# How do you use the trapezoidal rule with n=6 to approximate the area between the curve 9 sqrt (ln x)  from 1 to 4?

Oct 26, 2015

#### Answer:

See the explanation section below.

#### Explanation:

To approximate the Integral ${\int}_{a}^{b} f \left(x\right) \mathrm{dx}$ using trapezoidal approximation with $n$ intervals, use
${T}_{n} = \frac{\Delta x}{2} \left[f \left({x}_{0}\right) + 2 f \left({x}_{1}\right) + 2 f \left({x}_{2}\right) + \cdot \cdot \cdot 2 f \left({x}_{n - 1}\right) + f \left({x}_{n}\right)\right]$

In this question we have:
$f \left(x\right) = 9 \sqrt{\ln x}$
$\left\{a , b\right] = \left[1 , 4\right]$, and
$n = 6$.

So we get
$\Delta x = \frac{b - a}{n} = \frac{4 - 1}{6} = \frac{1}{2} = 0.5$

The endpoints of the subintervals are found by beginning at $a = 1$ and successively adding $\Delta x = 0.5$ to find the points until we get to ${x}_{n} = b = 4$.

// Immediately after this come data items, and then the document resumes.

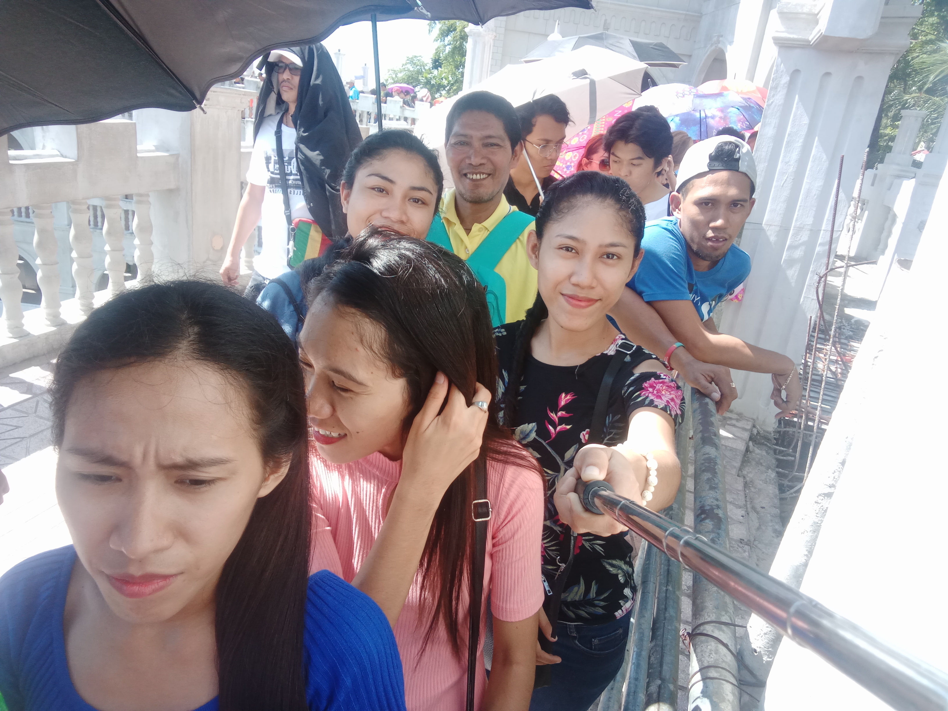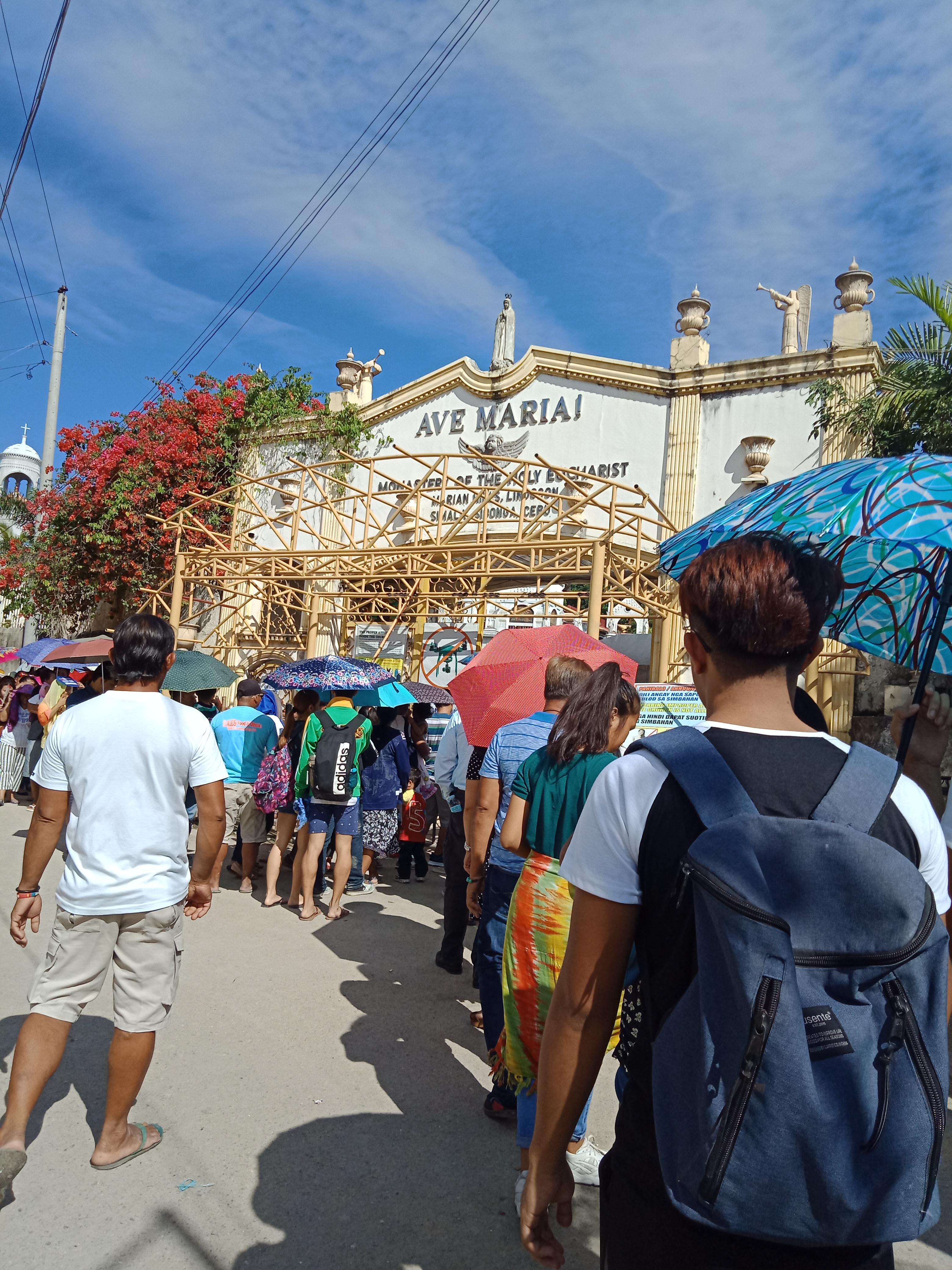 We arrived at 8:30 in the morning, and the line of simala was very long because the guard of the church need to check thee simala.
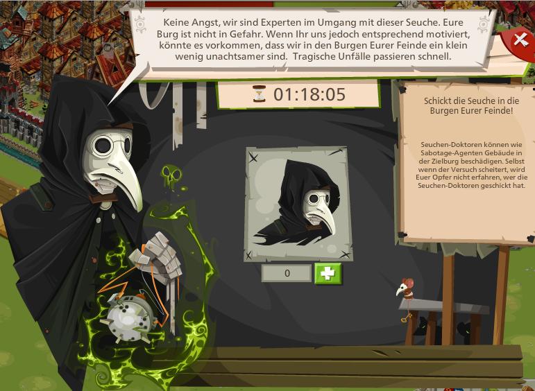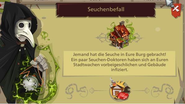 Diese Meldung bekommt euer Opfer. Um die Seuche wieder loszuwerden, können wie bei einem Brand Rohstoffe oder Rubine eingesetzt werden.
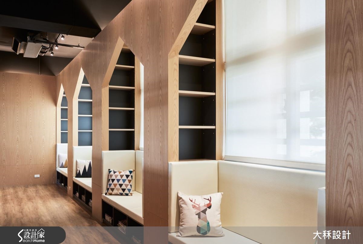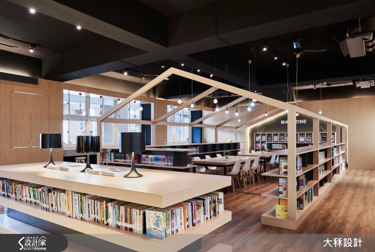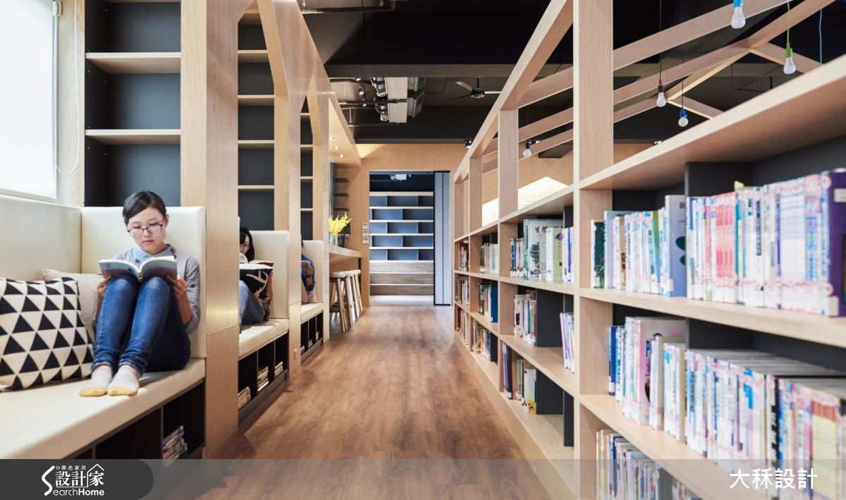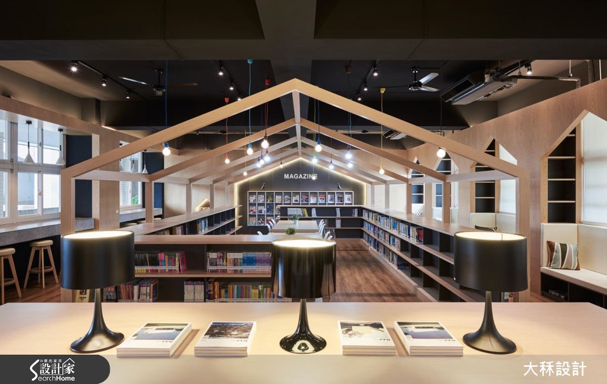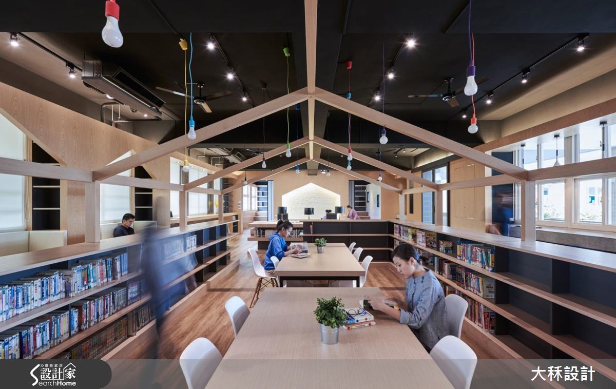 翻转你对学校图书馆的刻板印象!原本陈旧、阴暗的198平方米空间,在设计师的巧思改造下,以"屋中屋"的概念,在室内打造出尖顶斜边的屋架造型,并沿着采光良好的两侧窗边,设置文艺感十足的吧台座位和飘窗区,让图书馆成为全校师生的人气秘密基地!【温暖木质,营造咖啡厅温馨氛围】设计师以大量木质调取代传统的铁件书架,运用轻巧的屋架结构打造"阅读小屋",并藉由镂空架构的设计,让整个空间得以延伸,带来开放的视觉穿透效果;而缤纷的垂挂彩色灯泡,也形塑出舒适、活泼的阅读氛围。除了长桌阅读区的规划,两侧墙边也设置飘窗区、吧台式座位以及上网区,迎着窗边的明亮日光,便能享受书中世界;另外,图书馆内也规划了兼具教学和提供师生阅览使用的阶梯教室,让阅读的美好,随时在每个角落上演!
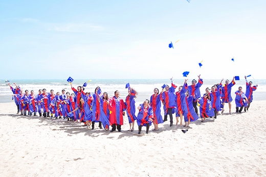 Hình ảnh cô cùng bạn bè trong lớp nhận bằng trong khán phòng của buổi bế giảng được tổ chức long trọng tại địa danh du lịch Long Hải.
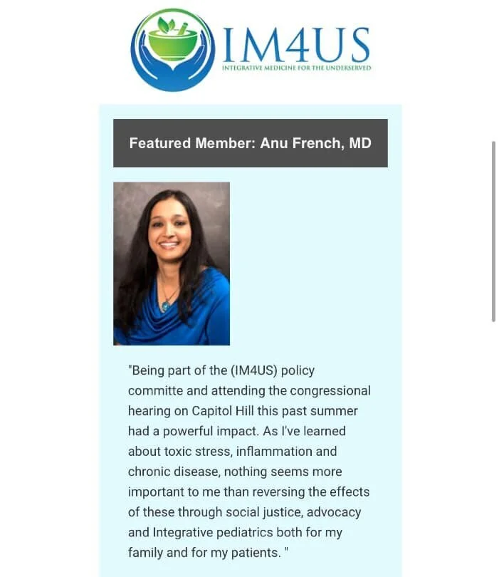 More athttps://im4us.org/…/featured-memb…/anu-french-md-faap-aboim/Integrative Medicine for the Underserved (IM4US) is a collaborative, #multidisciplinary group of people committed to #affordable#accessibleintegrative health care for all. Through #outreach#education#research, and #advocacy, we support those dedicated to promoting health in underserved populations.
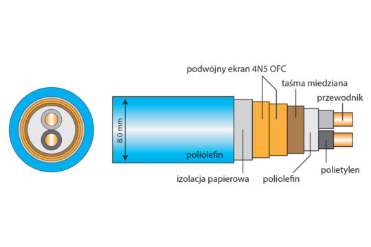 - Ekranowanie: plecionka z miedzi 4N5 OFC + taśma miedziana

${x}_{0} = 1$, ${x}_{1} = 1.5$, ${x}_{2} = 2$, ${x}_{3} = 2.5$, ${x}_{4} = 3$, ${x}_{5} = 3.5$, ${x}_{6} = 4 = b$,

Now apply the formula (do the arithmetic) for $f \left(x\right) = 9 \sqrt{\ln x}$.

${T}_{6} = \frac{\Delta x}{2} \left[f \left({x}_{0}\right) + 2 f \left({x}_{1}\right) + 2 f \left({x}_{2}\right) + \cdot \cdot \cdot 2 f \left({x}_{5}\right) + f \left({x}_{6}\right)\right]$